Programming is fundamentally about building tools, which is a step removed from the creation process. We’re not creating something directly, but rather create something that others can use to create something else. It is here where Alexander’s main criticism about contemporary architecture applies directly to software: the people using it are not the people designing and building it. As in architecture, we have created a world in software where we, too, discriminate people from experts and have built a whole industry based on that chasm.

If a better future for architecture is rooted in involving everyone more in the building process, so that the people who exactly know or feel what they need and want are empowered to design and build these things themselves or at least are much more involved in the process of creation, then software needs to be headed into the same direction.

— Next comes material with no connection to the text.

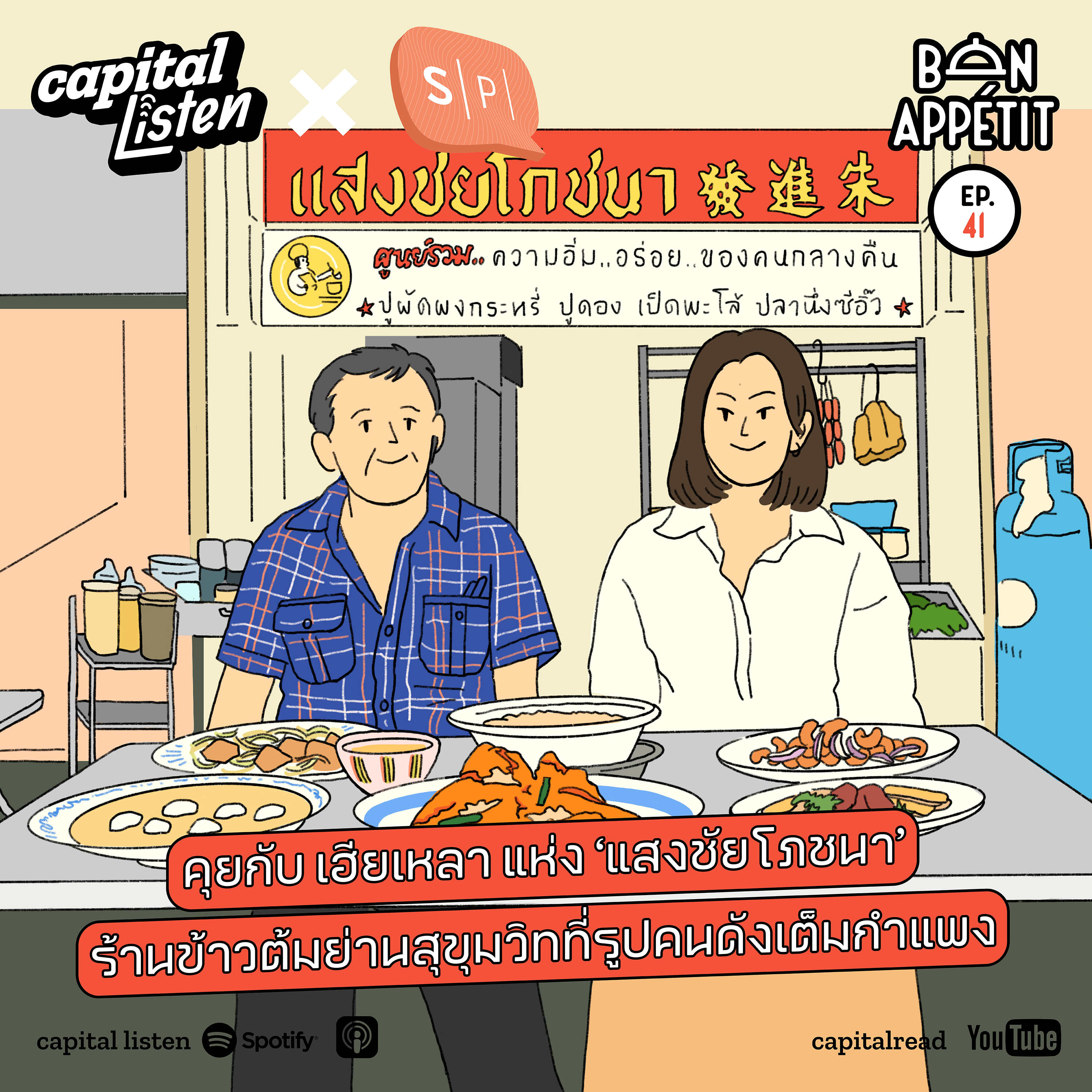 ภาพถ่ายคู่คนดังมากมายหลายคนที่ติดอยู่บนกำแพงคล้ายจิตรกรรมฝาผนัง คือภาพถ่ายที่ไม่ได้ถ่ายในคราเดียว แต่เป็นภาพที่ค่อยๆ ถ่ายและเยอะขึ้นไปตามวันเวลาที่เดินไปข้างหน้า นอกจากจะบ่งบอกว่าเป็นร้านที่มีคนดังแวะเวียนมาเสมอ ภาพถ่ายเหล่านั้นยังบอกถึงการเดินทางที่ยาวนานของแสงชัยโภชนาอีกเช่นกัน จากภาพถ่ายใบแรกมาจนถึงใบปัจจุบันแสงชัยโภชนาเป็นมายังไง ตาม Bon Appétit ธุรกิจรอบครัว EP.41 ไปฟังกันเลย
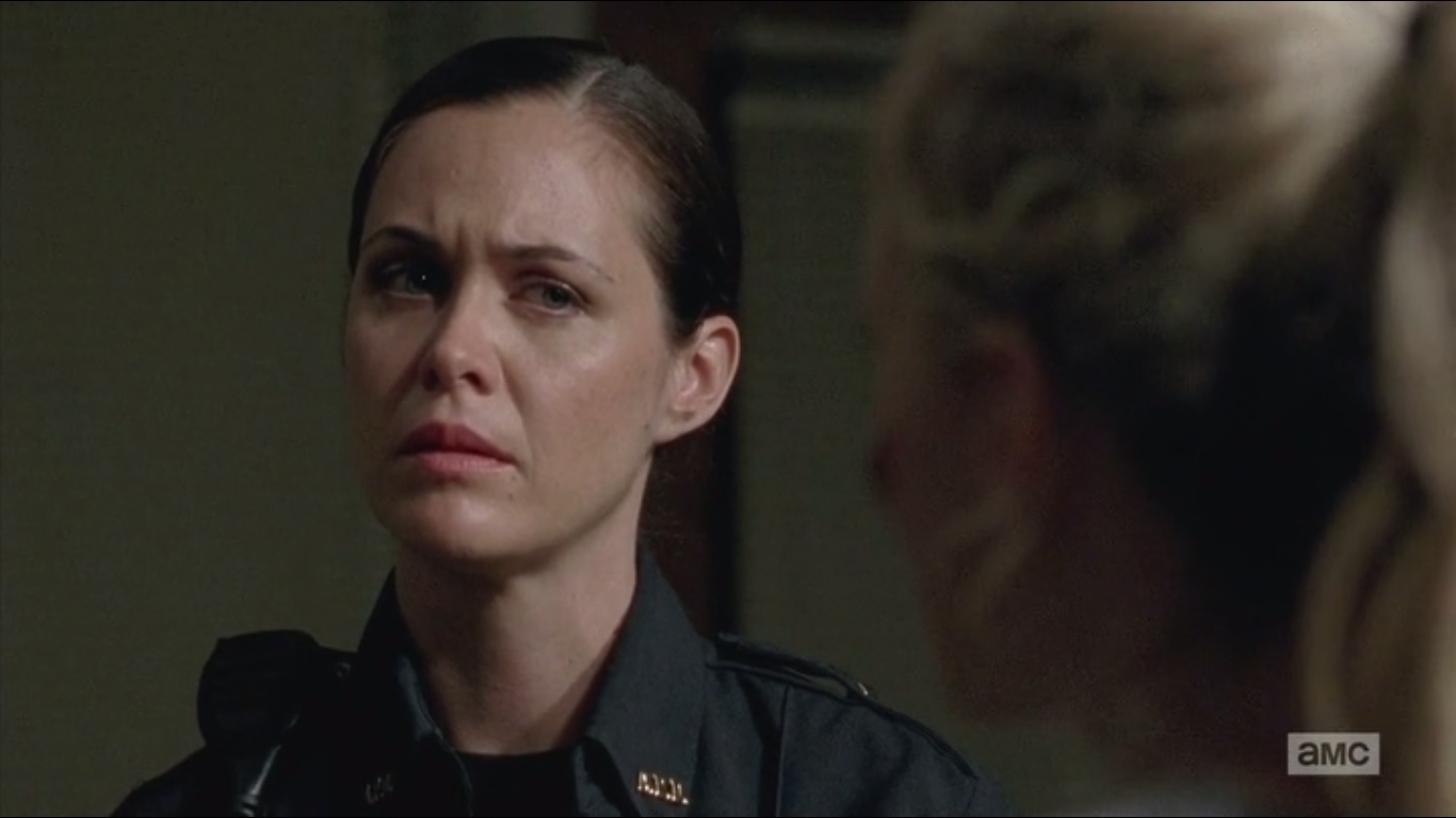 Rick and the others have their three hostages. These cops are different, Noah says. They’re good cops. In fact, they acknowledge that most people at Grady want Dawn gone. One of the officers, Shepherd, played by Teri Wyble, suggests that she and her partner- who I’ll identify in a second- be returned so they can talk with Dawn. Shepherd’s partner shoots this down. The hostage situation can work, but he feels only he can get through to Dawn, given their eight year friendship.

Bad software, designed without empathy, that restricts people to only follow strict procedures to achieve one specific goal, has trained millions of people that software is cumbersome, inflexible, and even hostile and that users have to adapt to the machine, if they want to get anything done. The future of computing should be very much the opposite. Good software can augment the human experience by becoming the tool that’s needed in the moment, unrestricted by limitations in the physical world. It can become the personal dynamic medium through which exploring and expressing our ideas should become simpler rather than more difficult.

That phrase designed without empathy resonates very strongly with me. Ironically, I see and feel that lack of empathy most of all in the "design* movement.

The important thing to me is that the user interface truthfully represents both the information domain and the machine which is rendering it. We have a lot of very shiny interfaces driven by design studies, but which separate the user from both control over their data and understanding of their machine.